BatchInvariantSampler2d¶
- class axtreme.data.batch_invariant_sampler.BatchInvariantSampler2d(sampler: Sampler[int] | Iterable[int], batch_shape: Size)¶
Bases:
Sampler
[list
[list
[int
]]]Returns 2d batchs where the final dataset in invariant to changes in the last batch dimension.
- The standard BatchSampler
has 1 row that it batches in sizes b.
returns items of shape (1) * b
- This BatchSampler has:
n rows that are batched in size b.
returns batches of n * b
Importantly, the concatenated batches (along the last dimension) will alway the same 2d matrix, regardless of the bach size.
Examples
>>> Conceptually the full dataset might have the following indexs [[ 1, 3, 5] [ 2, 4, 6]]
>>> If batched along index = -1, with batch size 2 will return results as follows b1= [[1,3], b2= [[5], [2,4]]] [6]]
>>> concat([b1, b2], axis=-1) [[ 1, 3, 5] [ 2, 4, 6]]
This is important when the final dataset produced should be invariate to changes in b.
Note
The final batch can return a partial batch (n rows, less than b columns)
Related to issue #76
Todo
- This is a very specific case because its cater to general case.
Can we make a more general 2d case?

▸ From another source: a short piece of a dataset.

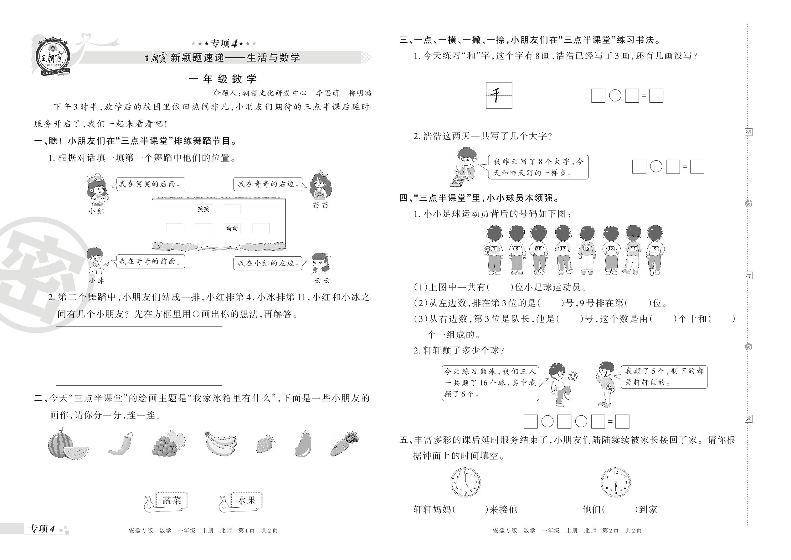 王朝霞期末专项卷——新颖题速递:生活与数学一年级上册数学(北师版)_R211222142205154【4】

The batched dim needs to be filled last. Any aggregation is then expected on the batch dim
Can we make a general higher dim case?
- Should we just take multiple samplers and batch them in parallel?

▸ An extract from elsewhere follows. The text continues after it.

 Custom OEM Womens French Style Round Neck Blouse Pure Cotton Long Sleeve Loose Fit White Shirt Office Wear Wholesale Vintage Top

Pro: Might be cleaner conceptually
Con: When we treat as a dataset we want to get through all data before we start repeating data
- __init__(sampler: Sampler[int] | Iterable[int], batch_shape: Size) None ¶
Will produce batch (along the rows) of a 2d batch.
- Parameters:
sampler (Sampler[int] | Iterable[int]) – Sampler (e.g RandomSampler or SerquentialSampler) to be batched. - Must be Sized (e.g have __len__) - See torch DataLoader implmentation for an examples
batch_shape (torch.Size) – The batch shape created of the underlieing sample.
Methods
__init__
(sampler, batch_shape)Will produce batch (along the rows) of a 2d batch.